News
Hackers stole $32M worth of Ethereum by abusing Parity wallet flaw
The flaw was in Parity's handling of multi-sig wallets (accounts that operate under the control of multiple people). $75M more was 'stolen' out of vulnerable wallets by the good guys in order to prevent them from being stolen by the bad guys, throwing up quite a bit of controversy. This article dives into the technical details.
And while writing this issue another Ethereum hack came to light, this time of $8.4M during Veritaseum's ICO.
Apple releases patches for dozens of security holes in iOS and macOS
It's time to run your updates. iOS 10.3.3 resolves 47 flaws, including several remote code execution vulnerabilities and the previously reported BroadPwn vulnerability. MacOS, WatchOS, Safari, iTunes and iCloud also got their fill.
Tor is taking its bug bounty program public
There was already a bug bounty project, but it was invite only. It's now open to anyone on the HackerOne platform. Bounties go up to $4.000.
Google Play Protect and 'Unverified app' screen
Google security efforts seem to be on a roll. The article above has more details on what Google Play Protect will do, both in Android O and in older versions of Android. For example: continuously scanning apps for malicious actions, and providing a 'Find My Device' feature. Google's own landing page here.
Google also added an 'unverified app' screen when applications that haven't been verified yet are installed.
Google Groups misconfiguration leads to sensitive data leaks
Speaking of Google, something to keep an eye on in your own company: researchers found hundreds of Google Groups misconfigured as public, showing them PII data, salary information, and more from a couple of well known companies.

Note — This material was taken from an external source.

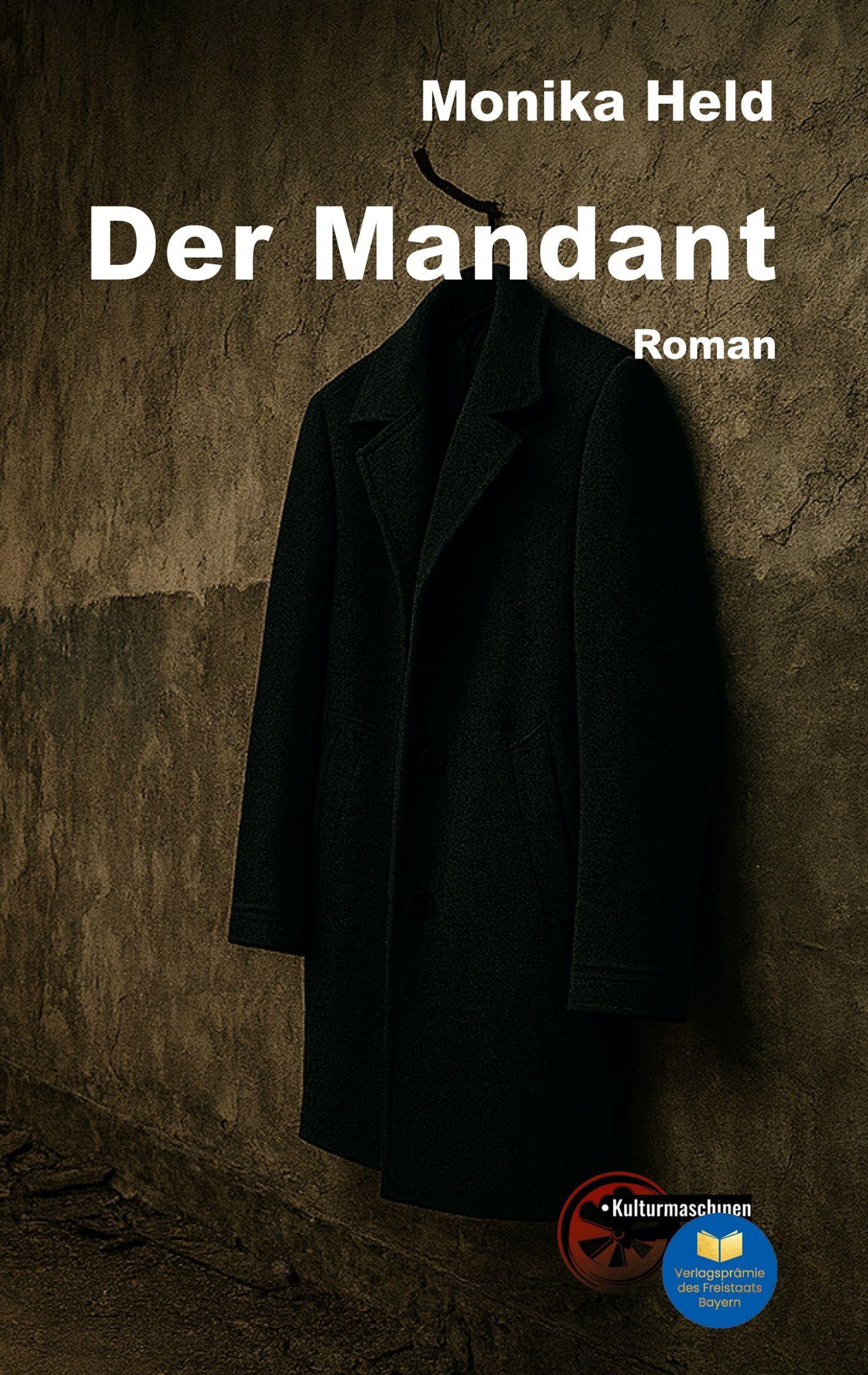 "Monika Held. Der Mandant. Roman. Ein schwarzer Mantel hängt an einer strukturierten Wand. Kultursiegel.", Buch

Memcached - a story of failed patching & vulnerable servers
A post by Talos, the Cisco security group. Last year they found three high-level vulnerabilities in Memcached. A little under a year later they find that 79% of servers weren't patched yet, and 78% don't even have authentication enabled, leaving their memcached open to all.
Microsoft releases its Security Risk Detection service
It's essentially a fuzzer-as-a-service platform. They're also releasing a Linux-based version.
Profile of a hacker: The Real Sabu
Dark Reading writes a fun and short article on who Sabu, the 'leader' of Anonymous, was, and how he was caught.
Technical overview of ten process injection techniques
A very technical article (to me, at least), providing a well written overview of various ways that malware can inject itself into a process.